Procrastinating the Passing of the Burden

Today, this song means a lot: "Tiny Victories" Christina Perri
but mostly
I'm procrastinating.
Why?
I think "wait to talk with knew neuropsychologist," "sitting with it"
Listening to others is wise and respectful. Especially when they have the professional experience, education and training.
...Yet, it's also why I'm in this psychological thriller of a mess.
Balance can be very difficult at times.
-My right leg is not very balanced still. I feel it when I try to balance on it for exercises at physical therapy. Apparently that is the peroneal tendon's main job, so it makes sense.-
Emotionally, am I balanced?
I am procrastinating, deviating and avoiding.
But it still wakes me up at night and makes me tearful and tired in the day.
It hurts my heart. Figuratively now, not physically, but it hurts enough to make me cry.
Why?
Because I love that guy
I'll be honest.
and also I love the guy who kisses me and tells me he loves me every morning before he goes to work. Even when I am still in bed. Even when I am still sleeping.
I love this man who I live with, that has neglected me plenty, but is here, when I need someone most. When I need love most. He is trying. More than he ever has.
Yet I procrastinate the final and complete severing of the fantasy of the other man, the one who loved me but used me, the one who couldn't be what I needed him to be, my neuropsychologist and therapist or, at very least, real and honest.
And I hurt for my husband, but I still procrastinate...
What I felt was so very real and powerful to me, and that part is fed by refusal to confront the reality of what it may have been: simply fantasy, a perfect storm, mistakes, and/or a manic and broken mind fed.
I do well with talking things out. I do well with honesty. I do not do well with coverups and I am maybe tired of sacrificing my needs to protect others. In this situation, I was not given a choice. At first it felt as though I was, but it was manipulation and their self preservation. I was not given a compromise. It was his way AND the highway.

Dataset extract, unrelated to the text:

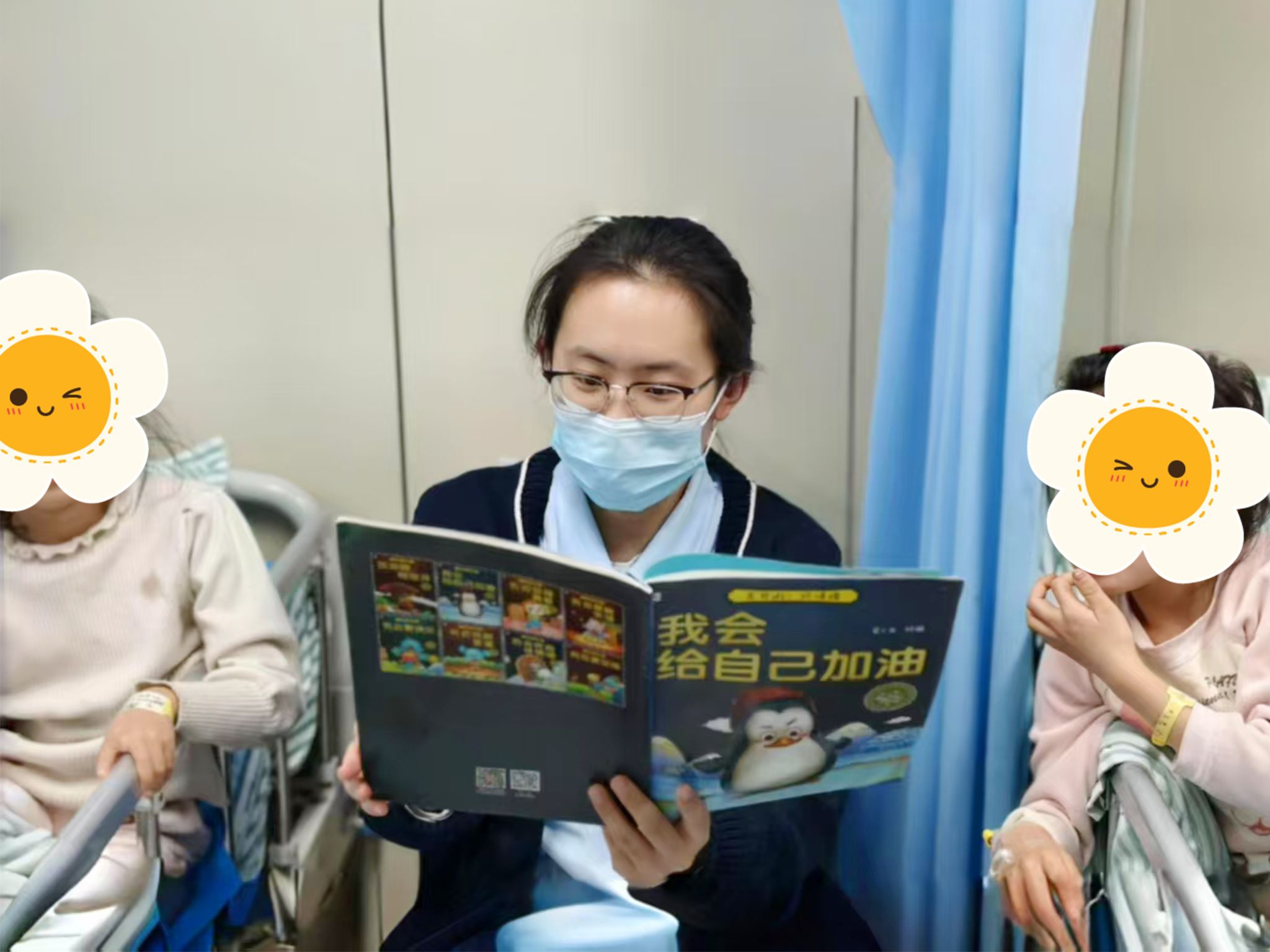 护理人员为小朋友们读绘本

You would think that would be enough, to kill what I feel, but it adds to me the confusion of pity for him and for me.
And it's effecting me, in all aspects, even though I don't let it, it still is.
I'm tied to this.
I say "this would be so much easier to forget and get over if I had no lingering TBI symptoms. If I didn't still need their medical experience and expertise." I say this because it is the sad truth and my reality ...that I wish to deny and avoid often.

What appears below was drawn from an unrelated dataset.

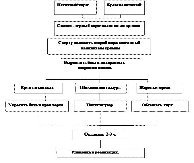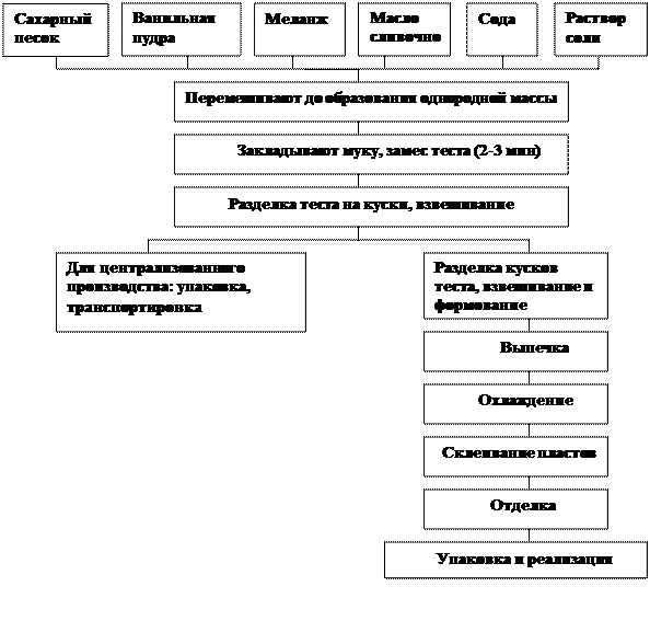 Технологический процесс в кондитерском цехе осуществляется по схеме: подготовка продуктов —> приготовление и выпечка теста и изделий —> остывание —> отделка —> укладка —> охлаждение и хранение —> транспортирование.

It breaks my heart and I don't know who to turn to because they have been managing this for me, they are supposed to be the ones I can turn to for answers. They were supposed to be my safe place, my care.
Lost faith in the medical industry, faith that was already shaky at best, but I was at least willing to trust, those in power, those in authority. ...
God.
That is the only place left to turn
but He was talking to me in the midst of this, so now, what do I do with that?
It's a predicament to be in
and I am struggling to keep my head above water... I know this because the water is still bailing out through my eyes so regularly and so frequently.
And he, who may have caused this or at least abandoned me in this, he is immune.
And strangely that brings me some comfort. There can be comfort in that, if I really do care for him. I suppose that is okay.
But is it? If he is employed to be the cure?
Or am I sacrificing my needs for what I don't understand and for what may actually be hurting others as well? Cyclical thinking.
A trap.
And how do I get out now?
pass the burden on to those whose job it is to handle that.
...I see my husbands face kissing me in the morning. I hear the echo of his voice from months ago, sweetly and sincerely telling me he knows there might be someone better suited for me and he would love to see me have that... yet, as he sits with it for a moment, he follows his comment with "but I think I might be too selfish." He doesn't want to loose me. I am worth his time and investment.
And he is worth mine.
...And this realization may have been the very thing that broke my neuropsychologist. Maybe that is the basic truth to all of this.
So -full of gratitude and sorrow- I procrastinate the passing of this burden on to those whose job it is to decipher.